━━━ The data ━━━

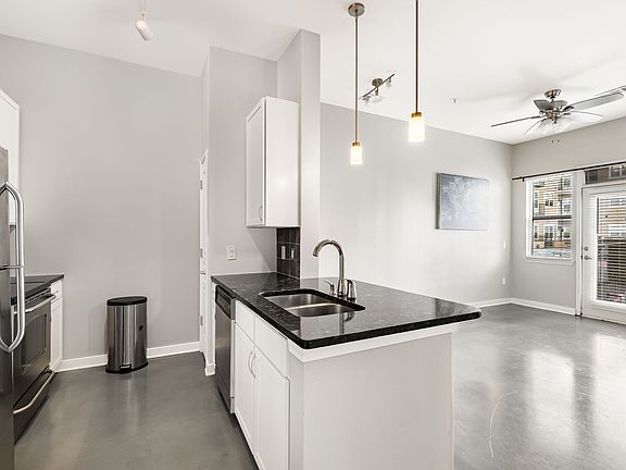 Move in Ready West End ground floor, poolside condo! This home features like new kitchen appliances, in unit Washer and Dryer, stained concrete floors and a spectacular saltwater pool view. Bristol West End amenities include: a refreshing pool with the sounds and view of the elaborate fire place and sparkling fountain. Grill out with friends or workout out in the fully equipped fitness center. Enjoy the owners lounge w/ free Wi-Fi or reserve the lounge featuring a full kitchen and pool table. Onsite management is there to assist with resident needs. No need to look for parking! This unit features an assigned parking space in the secured gated garage.
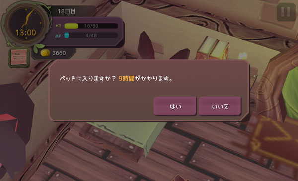 昨日はウサギやアルフレドと戦って疲れた。睡眠をとって疲労を回復させますね。それじゃあ、お休みなさーい!
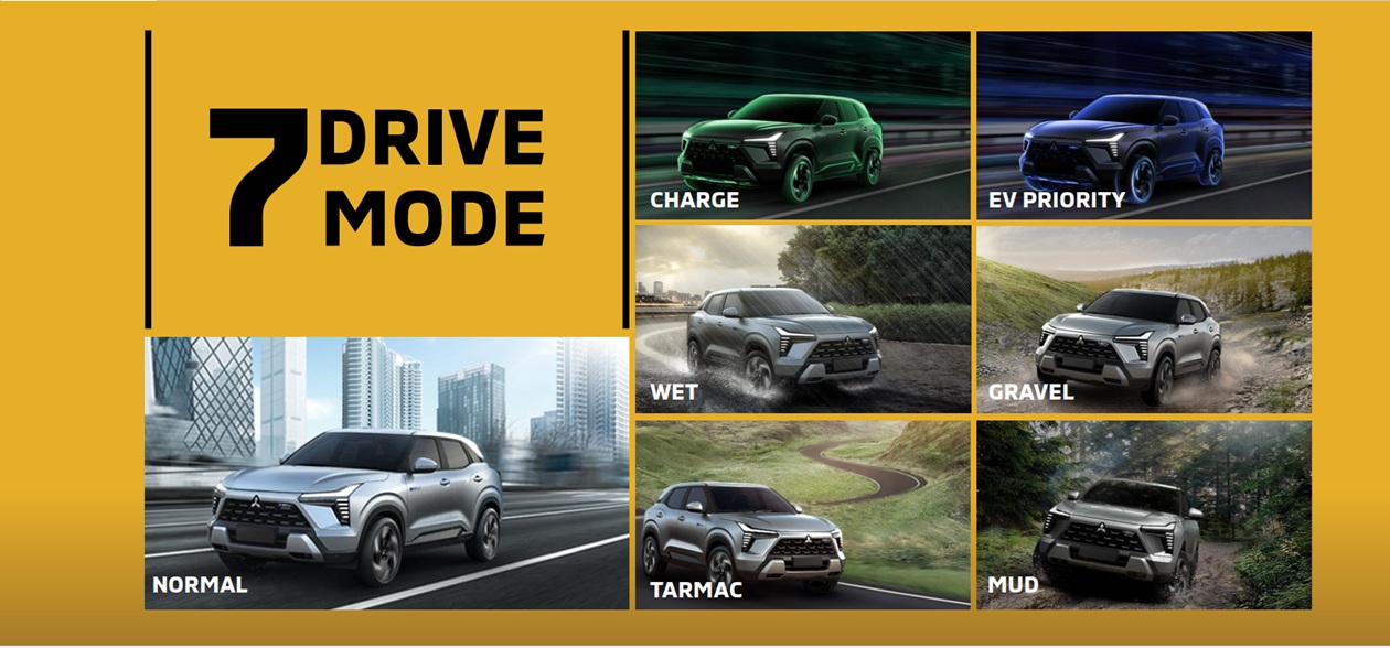 X Force HEV มาพร้อมกับโหมดการขับขี่ถึง 7 รูปแบบด้วยกัน ประกอบด้วย Normal Mode ใช้ขับขี่ประจำวัน, Wet Mode ใช้สำหรับการขับขี่บนถนนที่เปียกลื่น ป้องกันการลื่นไถล, Gravel Mode ใช้ขับขี่บนทางลูกรัง เพิ่มสมรรถนะในการขับขี่บนพื้นผิวที่ขุรขระ และลื่น, Tarmac Mode ไว้สำหรับขับขี่บนทางลาดยาง ปลดปล่อยสมรรถนะของเครื่องยนต์ และมอเตอร์ไฟฟ้าอย่างเต็มที่, Mud Mode เหมาะสำหรับการขับขี่ในเส้นทางที่เป็นโคลน เพิ่มการตอบสนอง การยึดเกาะ และการควบคุมที่ดีเยี่ยมบนถนนดินโคลน, EV Mode โหมดการขับขี่ด้วยไฟฟ้า 100% และ EV Change โหมดชาร์จไฟกลับเข้าสู่แบตเตอรี่
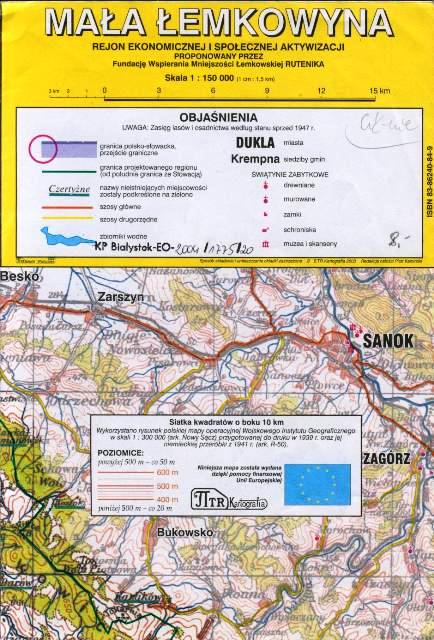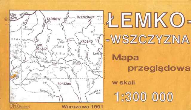 Łemkowszczyzna : mapa przeglądowa : w skali 1:300 000 / red. Piotr Kamiński. - Wyd. 2. poprawione. - Warszawa : ΠTR Kartografia, 1991. - 1 mapa : wielobarwna ; 34x49 cm, złożona 17x10 cm.
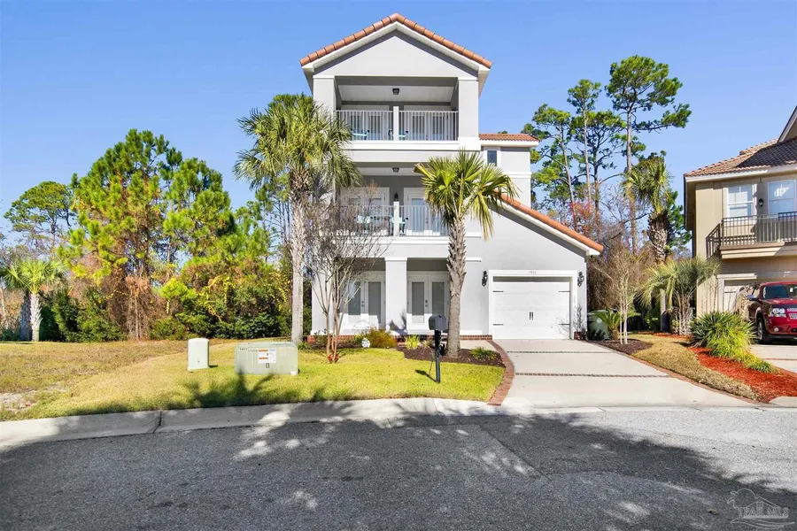 Welcome to 7955 Double Gate Drive, ideally situated in the fabulous Arborgate community at Perdido Key. This exceptional property offers versatility as a primary residence or a second home for memorable family getaways and has been used exclusively as a vacation home, never rented. The 4 bedroom / 3.5 bath Spanish-style residence features a well-appointed kitchen with granite countertops, stainless steel appliances, and tile flooring throughout the main level. Additional upgrades include an epoxy-coated garage floor, Wi-Fi controlled thermostats, and a security alarm system with cameras for added convenience and peace of mind. The spacious primary suite, located on the second floor, offers an en-suite bath and a covered balcony—ideal for relaxing and enjoying the coastal atmosphere. The third level includes two additional bedrooms, each with a private bath, along with another covered balcony for additional outdoor living space. Outdoor features include a newly sodded yard with Wi-Fi controlled Rain-Bird irrigation system and a charming back deck complete with an outdoor shower, perfect after a day at the beach. Residents of Arborgate enjoy access to a community pool and is just a short distance to bike trails and public beach access, making this home an outstanding opportunity to experience the best of Perdido Key living.
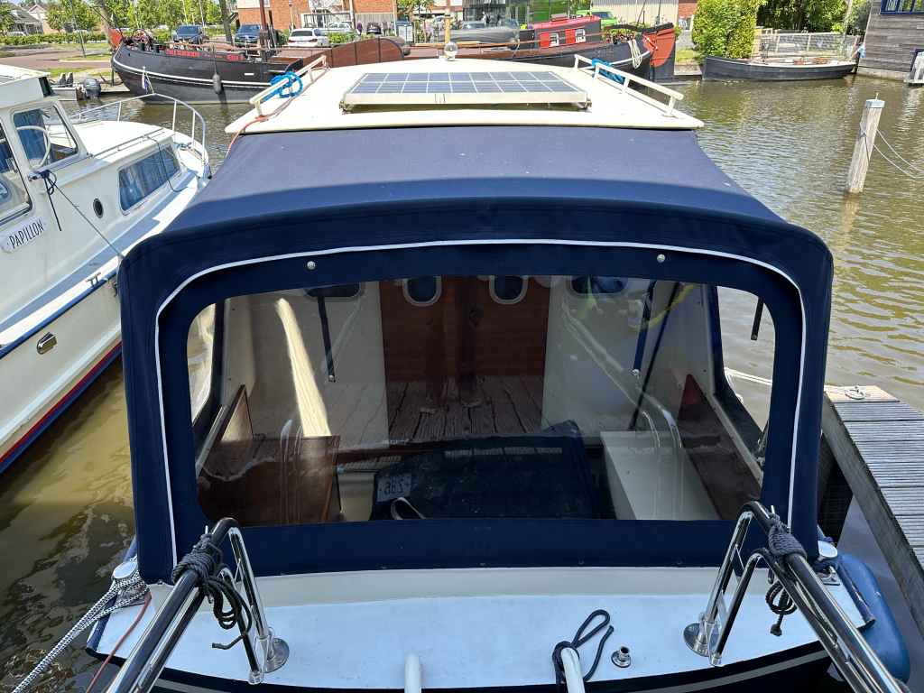 Onder andere met 4-5 slaapplaatsen, open kuip met nieuwe tent (2025), koelkast, verwarming, zonnepanelen, vuilwatertank, betrouwbare 55pk dieselmotor, boegschroef en diverse potten & pannen.
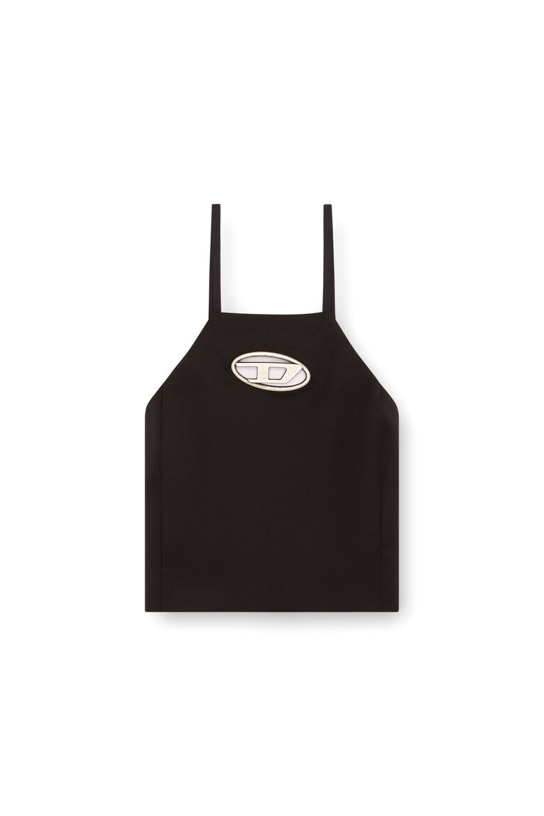 - This women’s strappy top is cut from black cool wool twill, spun with a hint of stretch for a close fit. Its backless design is secured with a single elasticated strap for a barely-there look. A metal Oval D plaque fills the chest cut-out.
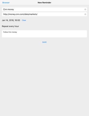 To add a repeating reminder you can use hourly, daily, weekly or custom repeating options. You can also set up to-do list reminders to organize your events throughout the day. In order to add a simple to-do list reminder, leave the website address box empty. Sample reminders assist you to fill name, website address, date & time fields in New Reminder view.
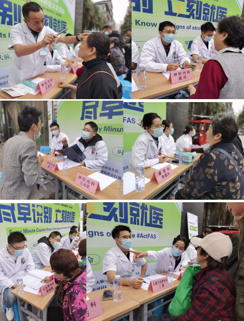 清晨微风中,许多市民早早便来到现场排队等候,足见大家对卒中的高度关注。在近两个小时的活动中,来自神经内科、神经外科、康复医学科、心血管内科、心脏大血管外科等多个科室的资深专家组成的义诊团队以专业的医术和温暖的关怀,为数百名市民答疑解惑,提供了零距离的优质医疗服务。
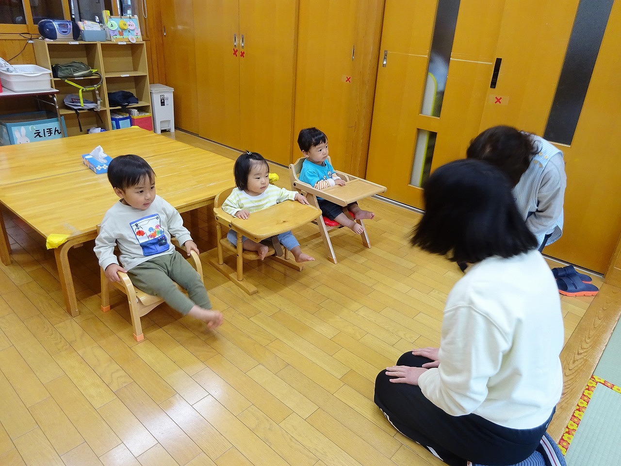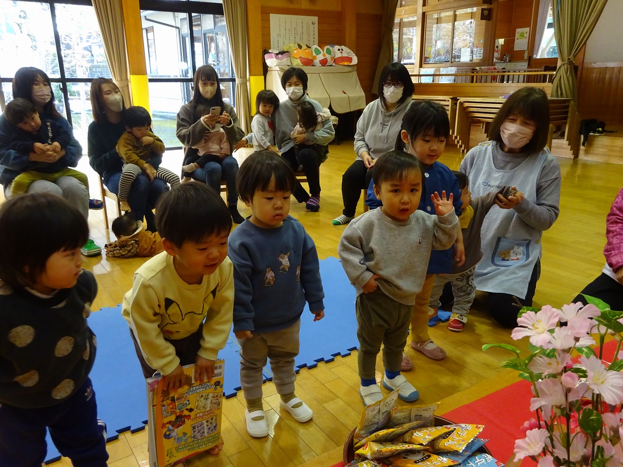 1.友だち紹介 2.プレゼント渡し 3.手あそび 4.大型絵本「ぴょーん」 5.ほのぼの館に行こう |
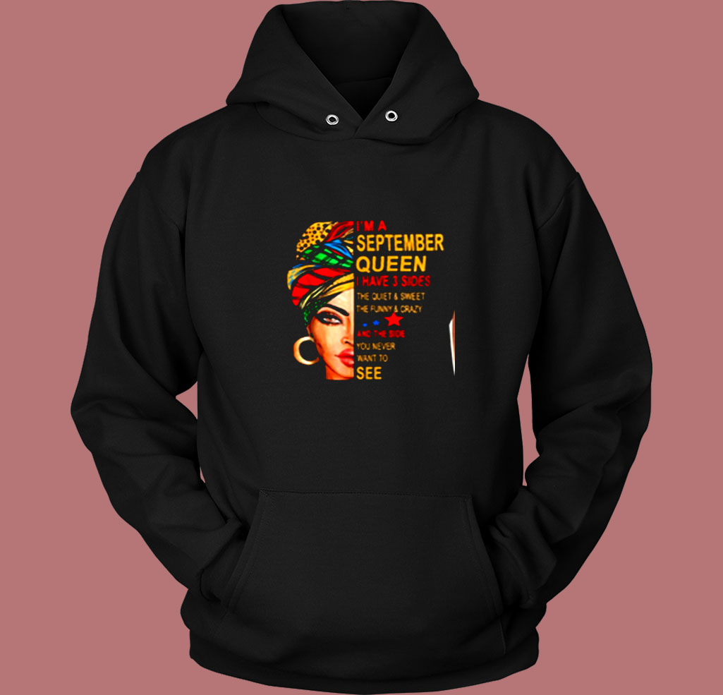 Im A September Queen I Have 3 Sides The Quite Sweet Crazy Melanin Women Vintage Hoodie
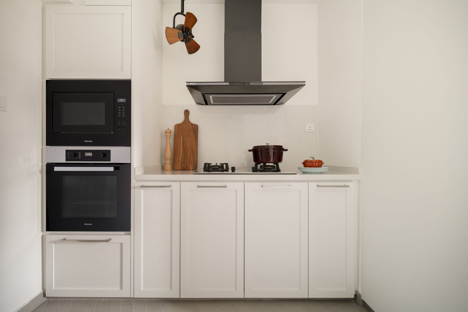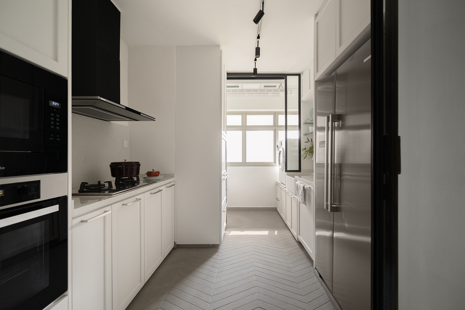 The kitchen continues the clean, minimalist theme with white cabinetry in classic shaker door design. A herringbone wood-look floor adds warmth and pattern, while black appliances punctuate the space, providing contrast without compromising the overall simplicity.

━━━

> **Exercise**
Output the entries exactly as they appear, with no pictures included.

> **Result of the exercise**
 Move in Ready West End ground floor, poolside condo! This home features like new kitchen appliances, in unit Washer and Dryer, stained concrete floors and a spectacular saltwater pool view. Bristol West End amenities include: a refreshing pool with the sounds and view of the elaborate fire place and sparkling fountain. Grill out with friends or workout out in the fully equipped fitness center. Enjoy the owners lounge w/ free Wi-Fi or reserve the lounge featuring a full kitchen and pool table. Onsite management is there to assist with resident needs. No need to look for parking! This unit features an assigned parking space in the secured gated garage.
 昨日はウサギやアルフレドと戦って疲れた。睡眠をとって疲労を回復させますね。それじゃあ、お休みなさーい!
 X Force HEV มาพร้อมกับโหมดการขับขี่ถึง 7 รูปแบบด้วยกัน ประกอบด้วย Normal Mode ใช้ขับขี่ประจำวัน, Wet Mode ใช้สำหรับการขับขี่บนถนนที่เปียกลื่น ป้องกันการลื่นไถล, Gravel Mode ใช้ขับขี่บนทางลูกรัง เพิ่มสมรรถนะในการขับขี่บนพื้นผิวที่ขุรขระ และลื่น, Tarmac Mode ไว้สำหรับขับขี่บนทางลาดยาง ปลดปล่อยสมรรถนะของเครื่องยนต์ และมอเตอร์ไฟฟ้าอย่างเต็มที่, Mud Mode เหมาะสำหรับการขับขี่ในเส้นทางที่เป็นโคลน เพิ่มการตอบสนอง การยึดเกาะ และการควบคุมที่ดีเยี่ยมบนถนนดินโคลน, EV Mode โหมดการขับขี่ด้วยไฟฟ้า 100% และ EV Change โหมดชาร์จไฟกลับเข้าสู่แบตเตอรี่
 Łemkowszczyzna : mapa przeglądowa : w skali 1:300 000 / red. Piotr Kamiński. - Wyd. 2. poprawione. - Warszawa : ΠTR Kartografia, 1991. - 1 mapa : wielobarwna ; 34x49 cm, złożona 17x10 cm.
 Welcome to 7955 Double Gate Drive, ideally situated in the fabulous Arborgate community at Perdido Key. This exceptional property offers versatility as a primary residence or a second home for memorable family getaways and has been used exclusively as a vacation home, never rented. The 4 bedroom / 3.5 bath Spanish-style residence features a well-appointed kitchen with granite countertops, stainless steel appliances, and tile flooring throughout the main level. Additional upgrades include an epoxy-coated garage floor, Wi-Fi controlled thermostats, and a security alarm system with cameras for added convenience and peace of mind. The spacious primary suite, located on the second floor, offers an en-suite bath and a covered balcony—ideal for relaxing and enjoying the coastal atmosphere. The third level includes two additional bedrooms, each with a private bath, along with another covered balcony for additional outdoor living space. Outdoor features include a newly sodded yard with Wi-Fi controlled Rain-Bird irrigation system and a charming back deck complete with an outdoor shower, perfect after a day at the beach. Residents of Arborgate enjoy access to a community pool and is just a short distance to bike trails and public beach access, making this home an outstanding opportunity to experience the best of Perdido Key living.
 Onder andere met 4-5 slaapplaatsen, open kuip met nieuwe tent (2025), koelkast, verwarming, zonnepanelen, vuilwatertank, betrouwbare 55pk dieselmotor, boegschroef en diverse potten & pannen.
 - This women’s strappy top is cut from black cool wool twill, spun with a hint of stretch for a close fit. Its backless design is secured with a single elasticated strap for a barely-there look. A metal Oval D plaque fills the chest cut-out.
 To add a repeating reminder you can use hourly, daily, weekly or custom repeating options. You can also set up to-do list reminders to organize your events throughout the day. In order to add a simple to-do list reminder, leave the website address box empty. Sample reminders assist you to fill name, website address, date & time fields in New Reminder view.
 清晨微风中,许多市民早早便来到现场排队等候,足见大家对卒中的高度关注。在近两个小时的活动中,来自神经内科、神经外科、康复医学科、心血管内科、心脏大血管外科等多个科室的资深专家组成的义诊团队以专业的医术和温暖的关怀,为数百名市民答疑解惑,提供了零距离的优质医疗服务。
 1.友だち紹介 2.プレゼント渡し 3.手あそび 4.大型絵本「ぴょーん」 5.ほのぼの館に行こう |
 Im A September Queen I Have 3 Sides The Quite Sweet Crazy Melanin Women Vintage Hoodie
 The kitchen continues the clean, minimalist theme with white cabinetry in classic shaker door design. A herringbone wood-look floor adds warmth and pattern, while black appliances punctuate the space, providing contrast without compromising the overall simplicity.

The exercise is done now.